Путаясь в юбках, Мария Медичи кинулась на нижний этаж, а когда вернулась с пожарным, застала у гримерки целую толпу аркебузиров, дворян в коротких панталонах и придворных дам в фижмах. Все они наседали на консьержа, забрасывая его советами.
Пожарный просунул ножницы между косяком и створкой, с усилием нажал, выломав замок. Толкнул дверь, но она не открылась – что-то мешало изнутри. Когда все вместе навалились на створку и та наконец поддалась, выяснилось, что препятствием служило тело директора театра «Эшикье». Он лежал на полу, раскинув руки и ноги, будто пьяный.
Андреа икнула от ужаса. Первые ряды ряженой толпы попятились – из комнаты выплеснулась концентрированная волна газа. Преодолевая головокружение, Казимир Мион с трудом открыл оконную раму, пожарный опустился на колени рядом с Эдмоном Леглантье.
– Он не дышит… Врача! – крикнул Альфред Трюшон в любопытные лица.
Консьерж схватился за спинку стула – головокружение усилилось. В глазах на миг помутилось, а когда зрение вернулось, он увидел лист бумаги, заправленный в каретку печатной машинки. И его первейшим долгом было прочитать, что там написано.
– Он… он… умер? – промямлила Андреа, икая и цепляясь за плечо Марии Медичи, которая молча смотрела на труп.
На сей раз Генриха IV прикончил не Равальяк. Его прикончила городская система газоснабжения.
ГЛАВА СЕДЬМАЯ
Вторник 18 июля
Виктор пребывал в отвратительном настроении. Он злился на Таша и Жозефа, которые вероломно подселили к нему котенка, да еще блохастого. В два часа ночи Кошка разбудила его пронзительным мяуканьем. Этого ей показалось мало, и она яростно заскреблась в дверь.
– Впусти ее, – сонно посоветовала Таша.
– А можно, я ее запру в мастерской?
– Чтобы она разодрала в клочья мои картины?
Пришлось встать и впустить.
Кошка немедленно устроилась между ними на подушках, выразив свой восторг громким тарахтением. В итоге Виктору удалось заснуть только к рассвету – до этого он ворочался с боку на бок и тщетно закрывал голову подушкой, недоумевая, как такая маленькая тварь может производить столько шума.
Теперь он, невыспавшийся, с покрасневшими глазами, гнал велосипед по улице Месье-ле-Пренс. Ни вчера, ни позавчера ничего любопытного здесь обнаружить не удалось.
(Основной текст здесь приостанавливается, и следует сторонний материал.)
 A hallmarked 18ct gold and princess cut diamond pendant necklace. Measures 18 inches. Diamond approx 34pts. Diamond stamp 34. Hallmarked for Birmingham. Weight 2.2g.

Но на третий раз ему повезло. Из дома с изразцами, когда он проезжал мимо, выскочила простоволосая женщина и накинулась на мальчугана, который самозабвенно копался в куче конского навоза посреди мостовой. Выслушав крики, звук подзатыльников и опять крики, Виктор получил возможность задать дежурный вопрос:
– Простите, что беспокою, вы случайно не слышали взрыва перед тем, как загорелась мастерская месье Андрези, переплетчика?
Женщина замерла, вцепившись в мальчугана, который яростно отбивался.
– Догадались, значит? Ну да, так громыхнуло, что я с перепугу кастрюлю молока из рук выпустила – хорошо хоть, оно остыть успело. Бедный мсье Андрези, такой милый, услужливый мужчина, всегда соглашался присмотреть за моим сорванцом. – Она вдруг осознала, какой опасности избежал ее отпрыск, и прижала его к себе.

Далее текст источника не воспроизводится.